In vitro toxicity evaluation of Ti4+-stabilized γ-Bi2O3 sillenites

•Bi12TiO20 microparticles with γ-Bi2O3 structure show low cytotoxicity.•NO release/ROS production is directly/inversely proportional to γ-BTO concentration.•NO release is more prominent for fibroblasts and neurons compared to hepatocytes.•Intracellular ROS production is greater in the case of hepatocytes.•Cell proliferation appears after longer treatment times (48 and 72 h).

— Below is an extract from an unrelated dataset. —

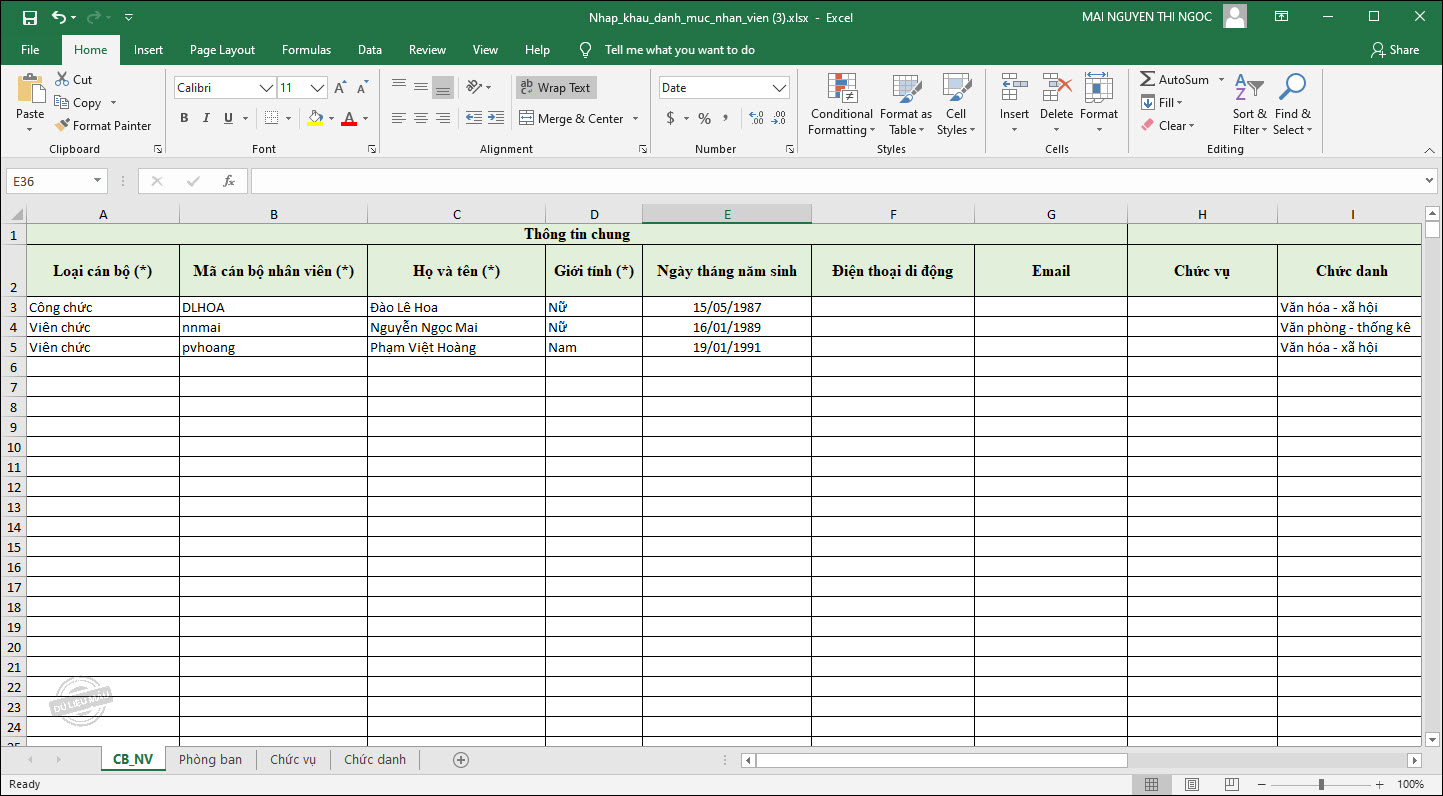 Cách 2: Nhập khẩu danh sách cán bộ nhân viên
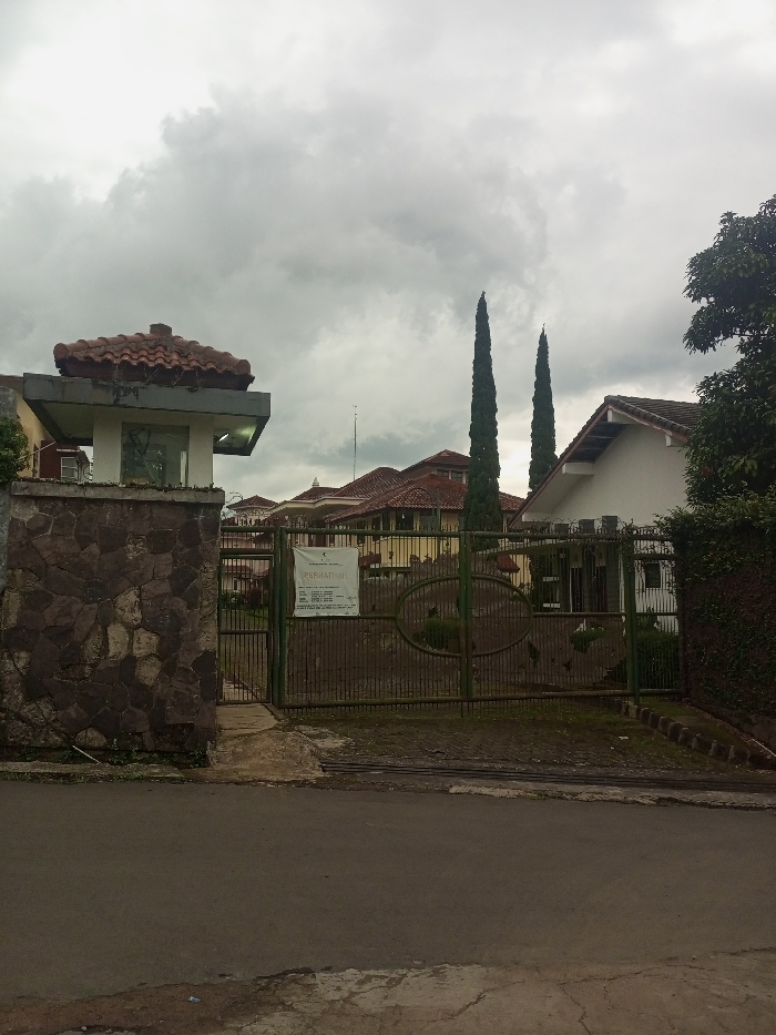 A gated entrance stands before a complex of buildings beneath an overcast sky. The gate is green, flanked by a stone pillar structure on the left. A sign hangs on the gate. Red-tiled roofs adorn the buildings within. Two tall, thin trees reach toward the sky. A green leafy vine climbs the wall to the right of the gate. A paved road stretches across the foreground.

We report results regarding the in vitro toxicology of γ-Bi2O3 represented by its isomorphous phase Bi12TiO20 (γ-BTO). The γ-BTO microparticles were synthesized by two methods: coprecipitation from a bismuth nitrate-tetrabutyl titanate solution and solid state reaction of Bi2O3 and TiO2 oxides. The structural and morphological characteristics of the obtained materials were determined using X-ray diffraction (XRD), selected area electron diffraction (SAED), transmission (TEM) and scanning (SEM) electron microscopy. The elemental composition was investigated using energy dispersive spectrometry (EDS). The cytotoxicity and oxidative/nitrosative stress (intracellular reactive oxygen species (ROS) and nitric oxide (NO) release) induced by the studied microparticles in HepG2, SH-SY5Y and 3T3-L1 cell cultures were determined using the MTT, DCF-DA (2′,7′-dichlorfluorescein-diacetate) and Griess methods respectively. Depending on the cell type and γ-BTO concentration, results showed only weak cytotoxic effects after 24 h of γ-BTO exposure and cell proliferation effects for longer treatment times. Only reduced NO release increases (corresponding to high γ-BTO concentrations) were detected in case of SH-SY5Y and 3T3-L1 cells. The intracellular ROS production (higher for HepG2 cells) appeared inversely proportional to the γ-BTO concentration.The obtained results indicated a promising in vitro biocompatibility of γ-BTO and encourage further studies regarding its potential for biomedical applications.